TASK DESCRIPTION: If pictures appear among the lines below, leave them out while you return exactly the lines from the one with "- Guide Specification: Surface-mounted" through the one with "26022期:吉星高照 发表于:2026-01-22 15:20:29".

DATASET EXTRACT:
↓↓↓
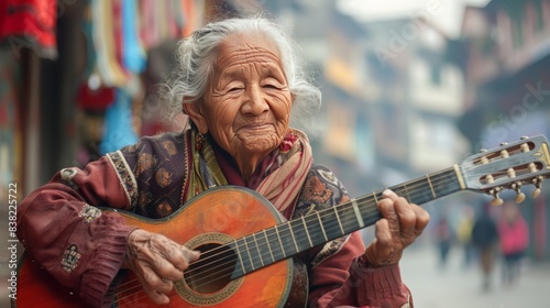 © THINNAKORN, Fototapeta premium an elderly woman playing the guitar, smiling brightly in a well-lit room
↑↑↑
↓↓↓
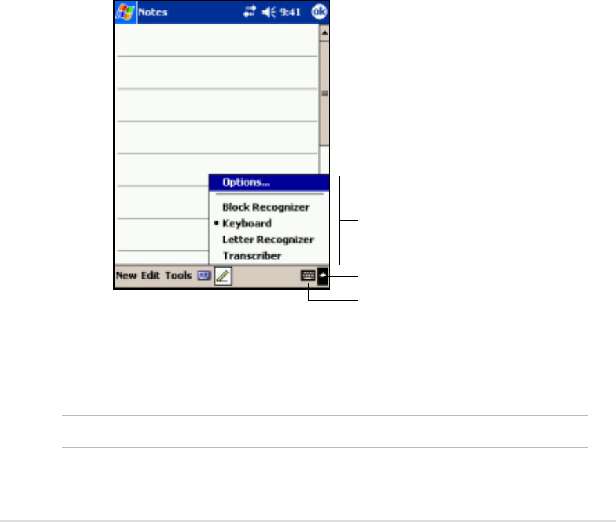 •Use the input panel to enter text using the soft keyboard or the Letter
↑↑↑
↓↓↓
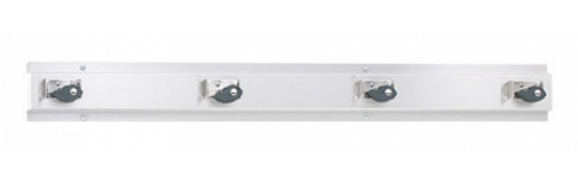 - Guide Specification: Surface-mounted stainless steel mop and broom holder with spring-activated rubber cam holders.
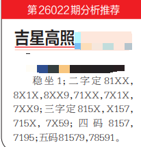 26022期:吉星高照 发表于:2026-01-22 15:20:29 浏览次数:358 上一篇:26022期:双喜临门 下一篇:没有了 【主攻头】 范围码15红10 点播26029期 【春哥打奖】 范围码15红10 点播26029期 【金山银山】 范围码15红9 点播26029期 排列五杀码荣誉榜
↑↑↑
RESPONSE BOX:
 - Guide Specification: Surface-mounted stainless steel mop and broom holder with spring-activated rubber cam holders.
 26022期:吉星高照 发表于:2026-01-22 15:20:29 浏览次数:358 上一篇:26022期:双喜临门 下一篇:没有了 【主攻头】 范围码15红10 点播26029期 【春哥打奖】 范围码15红10 点播26029期 【金山银山】 范围码15红9 点播26029期 排列五杀码荣誉榜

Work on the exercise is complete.